Some of the paid Services may consist of an initial period, for which there is a one-time charge, followed by recurring period charges as agreed to by the Client. By choosing a recurring payment plan, you acknowledge that such Services have an initial and recurring payment feature and Client accept responsibility for all recurring charges prior to cancellation. We may submit periodic charges (e.g., monthly) without further authorization from you, until you provide prior notice (receipt of which is confirmed by us) that you have terminated this authorization or wish to change your payment method. Such notice will not affect charges submitted before we reasonably could act.
You must provide current, complete and accurate information for your billing account. You must promptly update all information to keep your billing account current, complete and accurate (such as a change in billing address, credit card number, or credit card expiration date), and you must promptly notify us or our payment processors if your payment method is canceled (e.g., for loss or theft) or if you become aware of a potential breach of security, such as the unauthorized disclosure or use of your user name or password. If you fail to provide any of the foregoing information, you agree that we may continue charging you for any use of paid services under your billing account unless you have terminated your paid services as set forth above.

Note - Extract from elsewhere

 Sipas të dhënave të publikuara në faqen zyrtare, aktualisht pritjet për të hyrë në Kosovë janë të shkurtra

Areli reserves the right to refuse or suspend service under this Agreement in the event Client has failed to pay any invoice within thirty (30) days of said invoice date, whether it is an invoice for Services provided under this Agreement or any other agreement between the parties. Areli shall not be liable for any damages as a result of suspended services.
Late payments shall be subject to monthly interest on the unpaid invoice in amount(s) until and including the date payment is received, at the rate of 1.5% interest per month. Client shall be liable for all attorney’s fees as well as costs incurred in collection of past due balances including but not limited to collection fees, filing fees, and court costs.

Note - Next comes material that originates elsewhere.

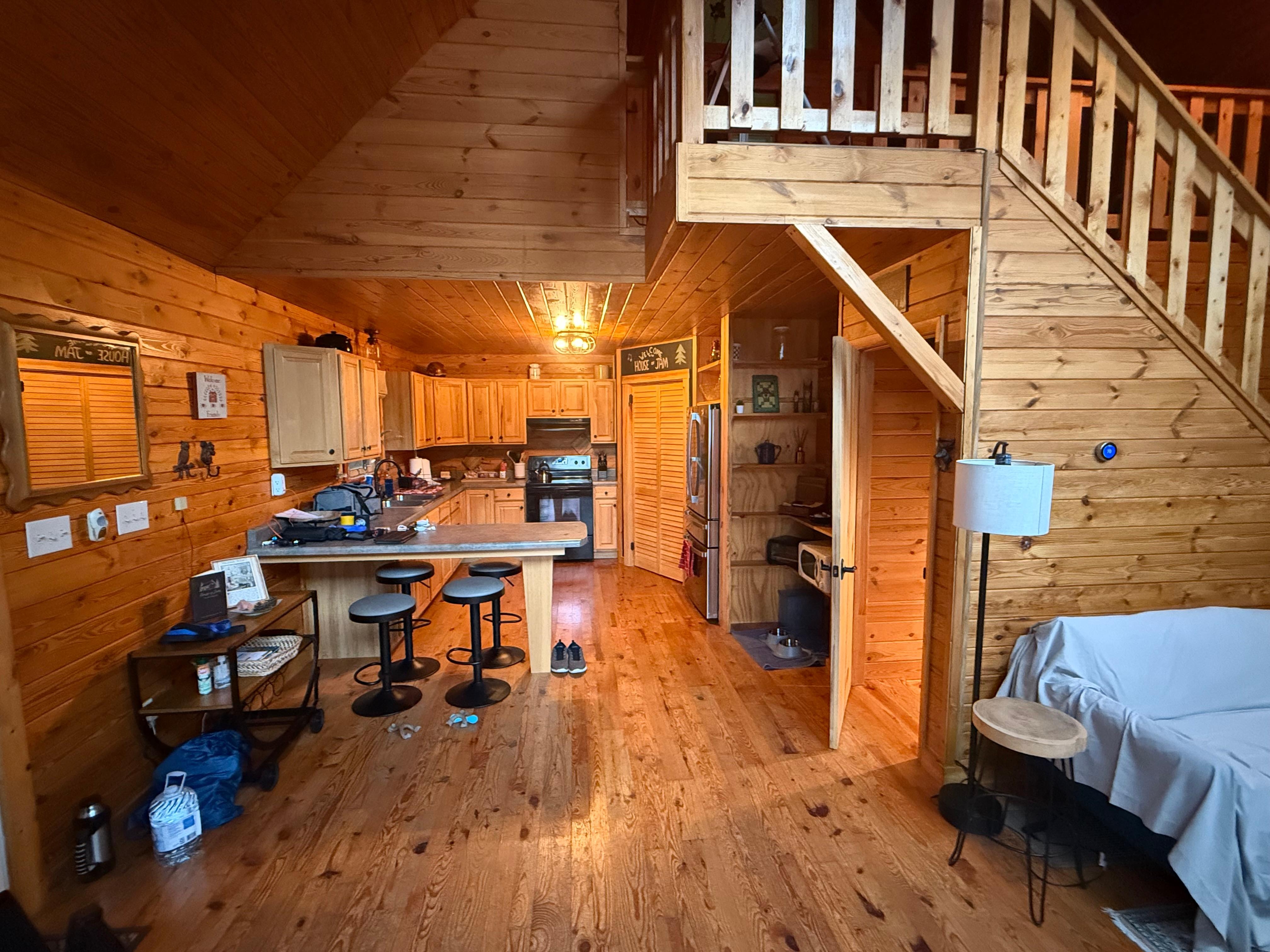 The cabin's main floor holds the kitchen, dining space, and living room with glass doors out to the deck. Our kitchen is fully stocked with dishes, utensils, pots and pans, appliances, coffee, tea, spices, oils, and more. The main floor also has a bedroom with queen bed. Upstairs is a loft area perfect for reading or games and taking in the beautiful view, and a bathroom with shower.

5. Service Limitations. In addition to other limitations and conditions set forth in this Agreement, the following service and support limitations are applicable to all Proposals:
a) All servers, network device and software upgrades not included in the Proposal are outside the scope of this Agreement and the Proposal and may incur additional fees.
b) Manufacturer warranty parts, labor and services are outside the scope of this Agreement.
c) Restoration of lost data caused by system or hardware failure is outside the scope of this Agreement.
6. Modifications. Major changes to this Agreement or the Service Agreement must be evaluated by Areli to determine, in its sole reasonable discretion, whether they constitute “Changes in Scope.” Requests for Changes in Scope (“Change Request”) from the Client must be in writing and must be accepted by Areli prior to becoming effective. Within five (5) business days of delivery of the Change Request (the “Change Review Period”), Areli will evaluate whether the Change Request constitutes a Change in Scope, and provide Client with either (i) a written acceptance of the Change in Scope and a revised Statement of Work that reflects Areli’s estimates of any additional costs and the projected delivery dates for the project; or (ii) a written denial of the Change Request. If Areli fails to provide the Client with a written acceptance of the Change Request within the Change Review Period, the Change Request shall be considered rejected.
7. Warranties and Disclaimers. Areli makes no warranty, guarantees or representations of any kind, express or implied, and all warranties of merchantability and fitness for a particular purpose are expressly excluded. This includes, but is not limited to, the operation, capacity, speed, availability, functionality, capability or security of any equipment, software or service offered to, or used by Areli and/or Client. Areli does not warrant that any services it offers will be error free or access will be uninterrupted. In no event shall Areli or any of its directors, employees, shareholders, agents or other representatives be responsible for any special, punitive, incidental, indirect, or consequential damages of any kind including, without limitations, those resulting from loss of business, loss of data, loss of use or business interruption, income, profit, revenues, or on any theory of liability, arising out of or in connection with this agreement, the services or use thereof even if it has been advised of, has, or should have had, knowledge, actual or constructive, of the possibility of such damages.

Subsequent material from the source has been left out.